Sulle belle donne avrei avuto qualcosina da ridire, ma non so come, quelle parole mi colpirono profondamente. Cazzo, aveva centrato il bersaglio in pieno. Quel diavolo d’un Butteroni m’aveva convinto. Avevo abboccato di nuovo come una stupida triglia al suo amo. Mi sarei fidato ancora di lui perché m’aveva letto dentro, perché era riuscito a farsi largo tra le frattaglie, mettendo a nudo la mia povera anima. Ero nudo proprio come lo era stato lui ieri, sul letto della Luisa. Ed ero quasi pronto per farmi fottere di nuovo.
Rimase in casa mia fino a sera. Cucinai un piatto di pasta in bianco e lui andò a comprare un paio di birre, coi miei soldi. Ci bevemmo anche una bottiglia di porto che era quasi diventata aceto. A stomaco pieno si lesse con grande attenzione le mie poesie e i miei scritti, commentandoli entusiasticamente. Non ne capiva granché, ma ci metteva impegno. Ne recitò un paio a voce alta e sembrò quasi essere sul punto di commuoversi, ma non so se fosse vero. Alla fine con gli occhi lucidi si congratulò e si lasciò andare con l’entusiasmo di cui era capace.

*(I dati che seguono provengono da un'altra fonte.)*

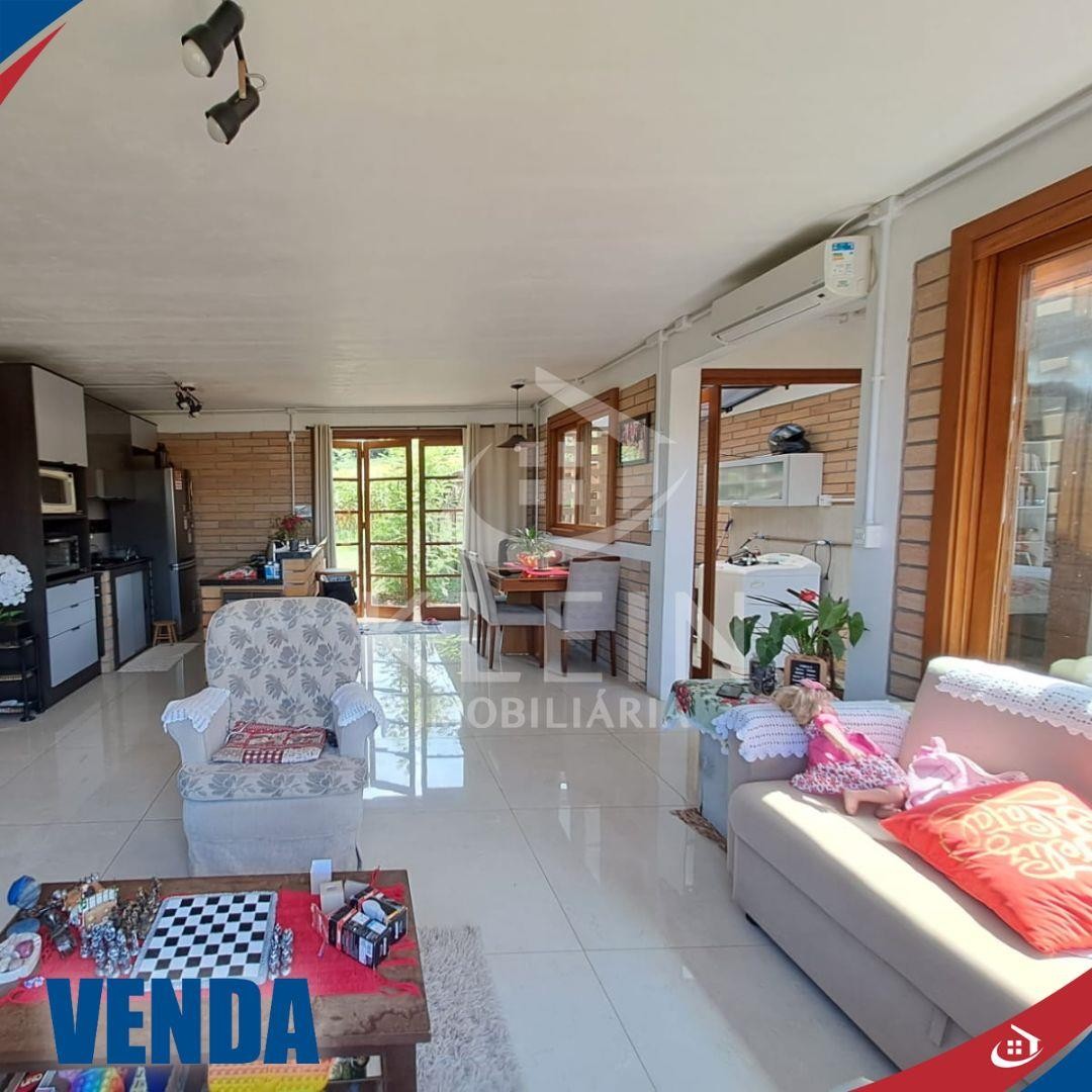 Casa de aprox. 70m², possui 2 dormitórios, sala/cozinha, banheiro, área de serviço e jardim de inverno, garagem/galpão.

“Ragasso mio, faremo grandi cose io e te, grandi cose!”
Ma siccome l’avevo già sentita, non mi impressionai troppo. Fu a quel punto che mi parlò per la prima volta di A.M.P. Prugnozzo dè Pastorini, dove A.M.P. stava per Aldo Maria Paola. Mi tremarono le vene ai polsi: il Prugnozzo dè Pastorini era il più grande e famoso poeta ermetico vivente. Deglutii e mandai di traverso la saliva. Cazzo conosceva davvero il Prugnozzo? M’alzai di scatto dal tavolo e mi diressi in fondo alla stanza. Stavo di fronte agli scaffali inebetito, eccitato, euforico e m’era venuto un singhiozzo nervoso. Allungai la mano e feci cadere inavvertitamente Il ritratto di Dorian Gray, ma proprio dietro al capolavoro di Oscar Wilde si celava il libro che cercavo. Eccolo. Ricordavo perfettamente giorno e luogo in cui lo comprai (c’ero andato insieme ad Amina, erano trascorsi tre anni). Era il suo libro più importante, quello che lo aveva fatto assurgere tra gli immortali.

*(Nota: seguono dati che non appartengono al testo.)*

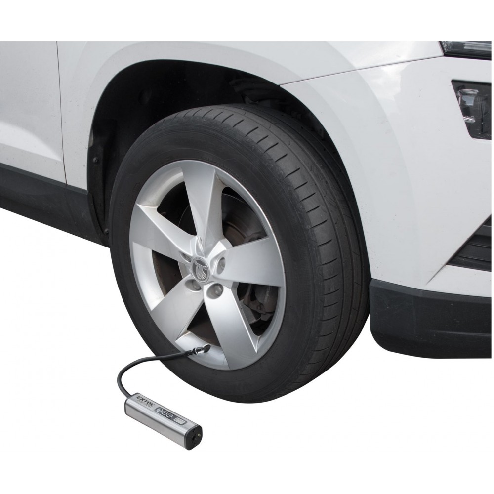 Kompresor podróżny akumulatorowy z podświetlanym wyświetlaczem przeznaczony do sprawdzania i uzupełniania ciśnienia w oponach samochodów, motocykli i rowerów do przepisanego ciśnienia lub do pompowania piłek sportowych, łóżek, materacy itp. Obsługa jest bardzo prosta - ustawiasz wymagane ciśnienie na kompresorze , uruchomiasz go, a następnie czekasz, aż się napompuje. Kompresor ma wymiary 16,6 x 5 x 5 cm i waży 0,5 kg, dzięki czemu można go łatwo spakować w drogę. Podświetlany wyświetlacz i oprawa LED, którą można włączać niezależnie od kompresora, pozwalają na używanie kompresora nawet w ciemności. Można go ładować za pomocą dostarczonego zasilacza sieciowego 230V lub z gniazda 12V pojazdu za pomocą ładowarki samochodowej 12V. Dzięki technologii Li-ion akumulatory można ładować w dowolnym momencie bez zmniejszania ich pojemności. Akumulator litowo-jonowy bardzo powoli rozładowuje się na skutek samorozładowania i wytrzymuje długo, gdy jest naładowany i gotowy do użycia.

ERMETISMI INEBRIANTI ED ALTRE POESIE
di A.M.P. Prugnozzo dè Pastorini

Ce l’avevo tra le mani e me lo stavo rigirando incredulo. Avrei conosciuto l’autore, il Grande Poeta Prugnozzo dè Pastorini. Baciai il libro, riverente ed estasiato, come se mi trovassi al cospetto di una bellissima donna dal fascino irresistibile. Lo soffocai di carezze e me lo strinsi al petto. Sospirai profondamente. Socchiusi gli occhi.

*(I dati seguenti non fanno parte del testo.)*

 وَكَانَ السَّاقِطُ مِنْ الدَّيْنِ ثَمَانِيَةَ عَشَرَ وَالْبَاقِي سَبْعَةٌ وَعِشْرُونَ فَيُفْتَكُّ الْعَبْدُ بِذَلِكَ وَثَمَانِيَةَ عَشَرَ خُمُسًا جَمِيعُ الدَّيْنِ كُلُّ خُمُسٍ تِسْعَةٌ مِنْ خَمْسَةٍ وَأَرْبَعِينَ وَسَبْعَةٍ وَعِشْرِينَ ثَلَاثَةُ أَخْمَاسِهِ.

“Achi non scherzare su certe cose. Conosci davvero il Prugnozzo?”
“Ragasso mio, prepara il vestito migliore che hai perché domani a quest’ora siamo lì da lui a fargli leggere le tue poesie!”
“Eeehhh?? Veramenteee??? Maaa... come hai fatto a... come fai a conoscerlo?”
“Bello mio, col mestiere che faccio non è poi così difficile”, disse con un tono da divo dello star system hollywoodiano.
Ormai s’era liberato del tutto dei panni dimessi indossati la mattina ed era tornato a essere il vero Butteroni. Esagerato, tronfio, straripante e incredibilmente pieno di sé.